**HOW TO COMPLETE THIS TASK**
Track down each line below containing the string "caída" and copy it.

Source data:

┄┄┄┄┄┄

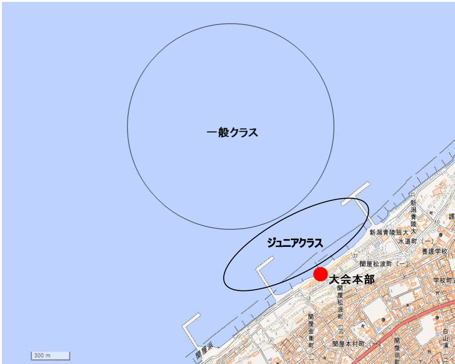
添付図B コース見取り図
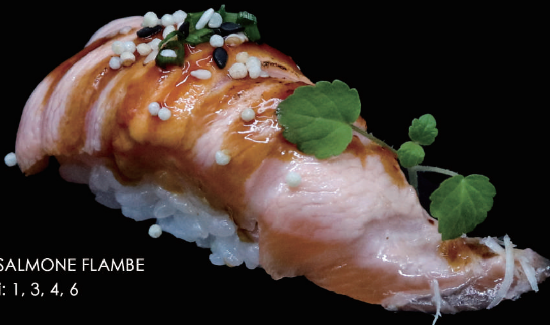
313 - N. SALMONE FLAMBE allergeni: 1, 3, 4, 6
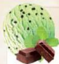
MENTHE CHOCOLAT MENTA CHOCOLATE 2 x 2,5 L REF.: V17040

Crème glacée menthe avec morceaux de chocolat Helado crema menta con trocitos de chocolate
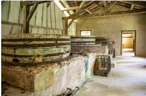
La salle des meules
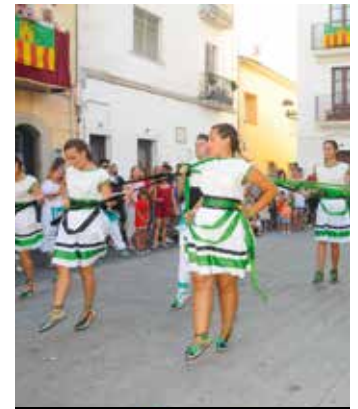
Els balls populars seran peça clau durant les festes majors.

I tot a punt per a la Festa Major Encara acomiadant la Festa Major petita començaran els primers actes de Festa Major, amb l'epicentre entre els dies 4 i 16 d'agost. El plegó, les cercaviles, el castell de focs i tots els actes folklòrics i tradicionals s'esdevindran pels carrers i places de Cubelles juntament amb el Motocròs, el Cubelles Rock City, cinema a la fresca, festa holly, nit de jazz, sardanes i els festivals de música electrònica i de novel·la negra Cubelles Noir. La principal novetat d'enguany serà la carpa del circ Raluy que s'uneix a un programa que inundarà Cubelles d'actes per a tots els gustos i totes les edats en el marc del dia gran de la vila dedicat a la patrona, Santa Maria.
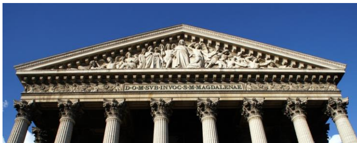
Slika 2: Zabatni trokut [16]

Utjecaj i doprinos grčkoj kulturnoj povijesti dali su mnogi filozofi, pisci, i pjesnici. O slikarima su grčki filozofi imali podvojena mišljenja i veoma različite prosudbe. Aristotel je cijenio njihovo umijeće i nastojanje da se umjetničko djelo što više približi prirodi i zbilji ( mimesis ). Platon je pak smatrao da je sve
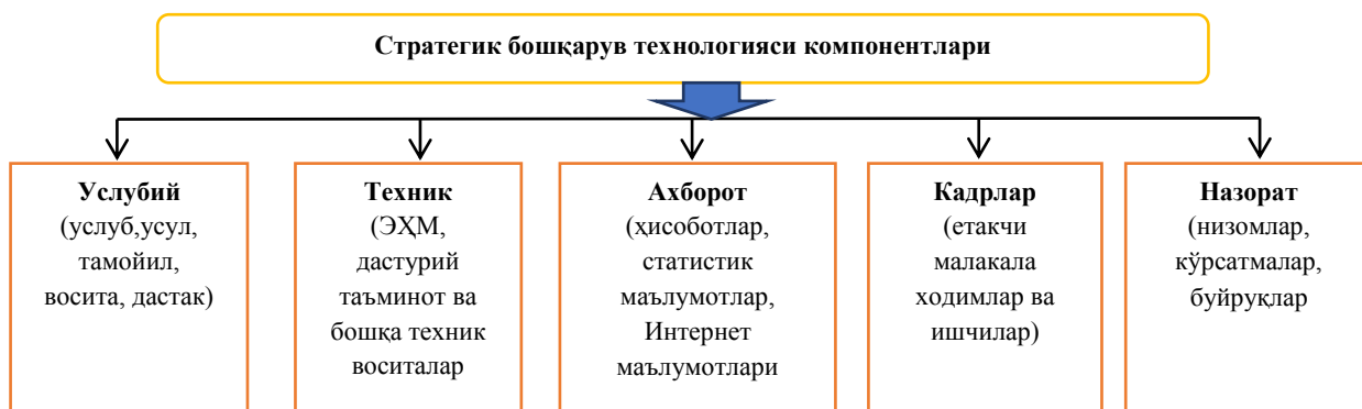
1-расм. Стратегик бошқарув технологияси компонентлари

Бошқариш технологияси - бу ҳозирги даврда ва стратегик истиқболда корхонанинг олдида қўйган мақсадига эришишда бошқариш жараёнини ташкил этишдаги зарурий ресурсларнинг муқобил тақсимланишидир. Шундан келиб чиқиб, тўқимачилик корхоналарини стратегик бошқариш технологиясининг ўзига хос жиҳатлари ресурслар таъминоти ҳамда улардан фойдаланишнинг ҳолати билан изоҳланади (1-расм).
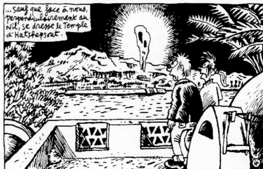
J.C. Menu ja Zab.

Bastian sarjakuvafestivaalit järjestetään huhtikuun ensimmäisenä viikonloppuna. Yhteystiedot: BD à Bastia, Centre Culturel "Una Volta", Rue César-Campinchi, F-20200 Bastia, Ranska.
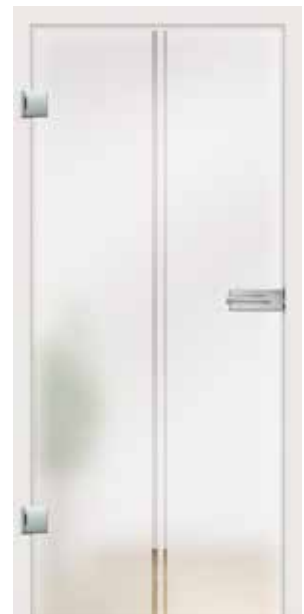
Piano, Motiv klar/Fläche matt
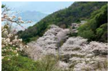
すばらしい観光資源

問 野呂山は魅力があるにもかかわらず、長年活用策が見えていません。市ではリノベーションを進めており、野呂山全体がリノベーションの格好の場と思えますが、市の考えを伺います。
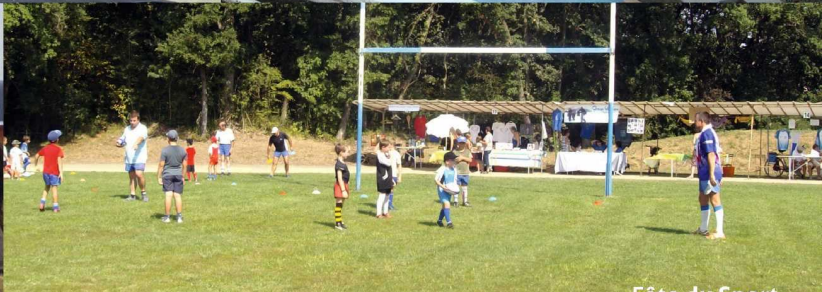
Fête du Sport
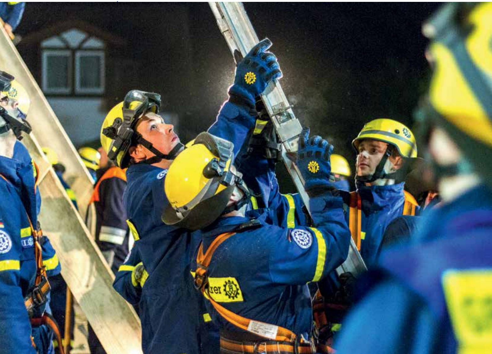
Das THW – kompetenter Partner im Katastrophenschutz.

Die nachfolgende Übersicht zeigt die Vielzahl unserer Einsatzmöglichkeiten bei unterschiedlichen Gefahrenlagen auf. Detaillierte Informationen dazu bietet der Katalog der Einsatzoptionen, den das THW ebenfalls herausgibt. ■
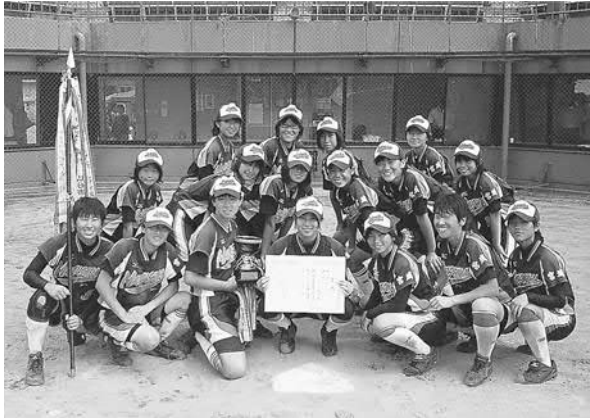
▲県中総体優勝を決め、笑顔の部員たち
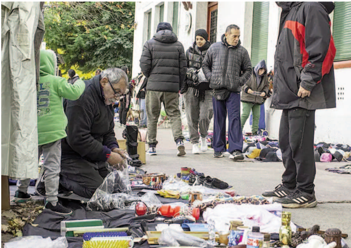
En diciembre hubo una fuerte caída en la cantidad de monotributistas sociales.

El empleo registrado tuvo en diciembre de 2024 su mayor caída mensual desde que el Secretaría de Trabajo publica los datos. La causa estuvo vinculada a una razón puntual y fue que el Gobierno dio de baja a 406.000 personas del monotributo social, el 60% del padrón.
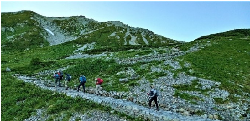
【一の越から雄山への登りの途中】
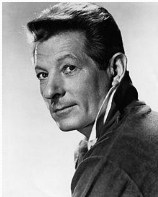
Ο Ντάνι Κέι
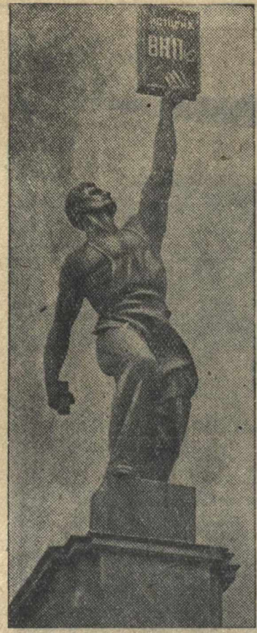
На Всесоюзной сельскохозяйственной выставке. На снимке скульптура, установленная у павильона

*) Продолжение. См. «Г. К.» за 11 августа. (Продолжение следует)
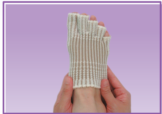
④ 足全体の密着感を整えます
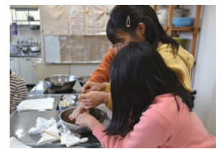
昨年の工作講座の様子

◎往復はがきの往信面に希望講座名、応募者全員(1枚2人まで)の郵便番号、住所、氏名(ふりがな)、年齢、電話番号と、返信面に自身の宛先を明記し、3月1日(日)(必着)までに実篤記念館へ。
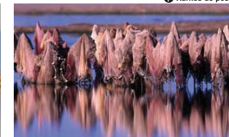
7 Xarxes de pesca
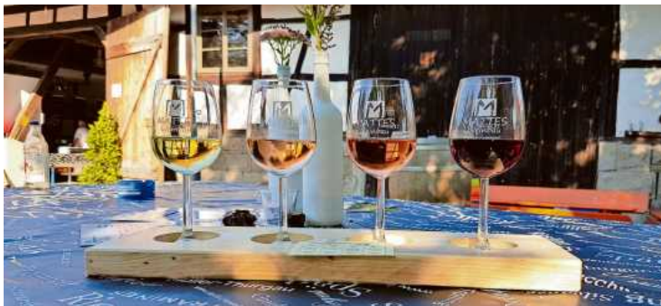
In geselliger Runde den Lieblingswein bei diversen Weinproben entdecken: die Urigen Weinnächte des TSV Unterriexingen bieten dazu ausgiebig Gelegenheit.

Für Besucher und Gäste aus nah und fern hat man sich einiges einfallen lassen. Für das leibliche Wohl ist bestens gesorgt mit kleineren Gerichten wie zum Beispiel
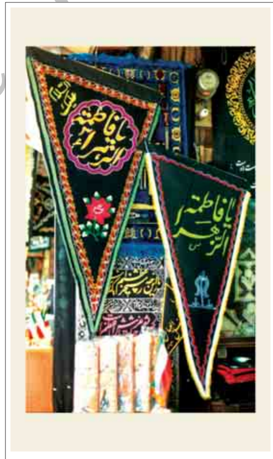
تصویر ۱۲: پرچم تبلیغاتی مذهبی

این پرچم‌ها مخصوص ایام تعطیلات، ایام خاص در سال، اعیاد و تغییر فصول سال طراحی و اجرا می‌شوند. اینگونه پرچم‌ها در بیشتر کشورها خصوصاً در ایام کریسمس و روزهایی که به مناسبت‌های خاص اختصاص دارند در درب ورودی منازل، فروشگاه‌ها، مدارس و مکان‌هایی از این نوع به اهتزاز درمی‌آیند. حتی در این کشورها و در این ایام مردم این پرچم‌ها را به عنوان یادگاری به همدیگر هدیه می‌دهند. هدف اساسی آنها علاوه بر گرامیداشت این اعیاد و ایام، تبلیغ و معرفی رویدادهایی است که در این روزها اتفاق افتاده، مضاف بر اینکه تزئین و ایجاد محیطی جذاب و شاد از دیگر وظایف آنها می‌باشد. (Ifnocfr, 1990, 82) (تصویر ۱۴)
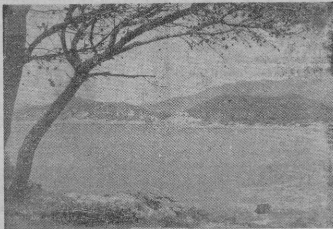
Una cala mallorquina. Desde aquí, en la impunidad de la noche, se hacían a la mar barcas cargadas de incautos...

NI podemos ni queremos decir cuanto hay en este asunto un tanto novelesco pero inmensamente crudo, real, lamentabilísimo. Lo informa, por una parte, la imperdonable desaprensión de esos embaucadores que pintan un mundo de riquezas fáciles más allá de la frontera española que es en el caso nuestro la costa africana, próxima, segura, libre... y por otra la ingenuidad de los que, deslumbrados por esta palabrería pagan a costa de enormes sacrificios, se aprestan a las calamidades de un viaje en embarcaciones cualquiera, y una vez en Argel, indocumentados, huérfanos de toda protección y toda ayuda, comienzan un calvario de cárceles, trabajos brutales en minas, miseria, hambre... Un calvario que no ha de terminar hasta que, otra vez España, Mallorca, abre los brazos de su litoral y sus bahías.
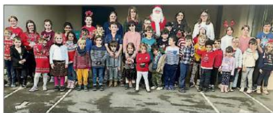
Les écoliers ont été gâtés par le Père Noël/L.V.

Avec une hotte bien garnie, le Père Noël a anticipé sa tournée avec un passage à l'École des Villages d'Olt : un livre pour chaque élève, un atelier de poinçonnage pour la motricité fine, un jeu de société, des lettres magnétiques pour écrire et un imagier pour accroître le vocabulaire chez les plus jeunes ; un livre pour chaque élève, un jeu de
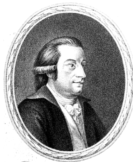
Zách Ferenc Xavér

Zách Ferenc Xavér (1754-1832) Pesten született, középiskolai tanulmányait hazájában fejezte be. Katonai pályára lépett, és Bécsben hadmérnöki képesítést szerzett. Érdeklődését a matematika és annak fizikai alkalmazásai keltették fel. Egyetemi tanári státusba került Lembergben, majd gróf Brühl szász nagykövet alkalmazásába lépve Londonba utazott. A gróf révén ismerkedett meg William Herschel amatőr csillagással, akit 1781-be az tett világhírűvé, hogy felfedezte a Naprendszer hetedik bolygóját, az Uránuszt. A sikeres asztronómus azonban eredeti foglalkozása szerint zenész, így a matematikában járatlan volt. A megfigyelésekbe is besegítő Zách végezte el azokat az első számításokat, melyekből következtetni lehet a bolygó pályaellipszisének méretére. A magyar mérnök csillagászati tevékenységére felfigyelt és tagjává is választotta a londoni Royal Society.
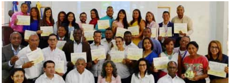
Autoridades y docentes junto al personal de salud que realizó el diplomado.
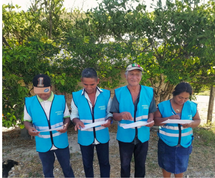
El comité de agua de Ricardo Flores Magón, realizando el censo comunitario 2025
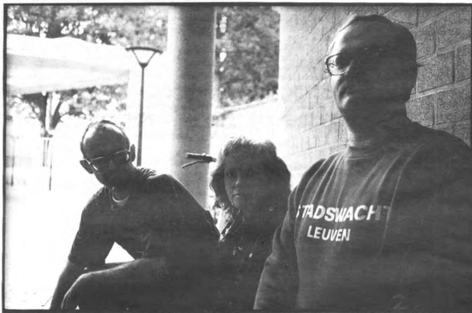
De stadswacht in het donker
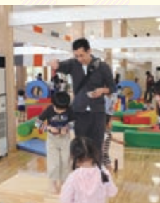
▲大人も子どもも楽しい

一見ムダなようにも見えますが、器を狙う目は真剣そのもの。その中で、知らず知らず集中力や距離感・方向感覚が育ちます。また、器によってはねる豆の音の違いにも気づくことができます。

┄┄┄┄┄┄

**YOUR SOLUTION**
En diciembre hubo una fuerte caída en la cantidad de monotributistas sociales.
El empleo registrado tuvo en diciembre de 2024 su mayor caída mensual desde que el Secretaría de Trabajo publica los datos. La causa estuvo vinculada a una razón puntual y fue que el Gobierno dio de baja a 406.000 personas del monotributo social, el 60% del padrón.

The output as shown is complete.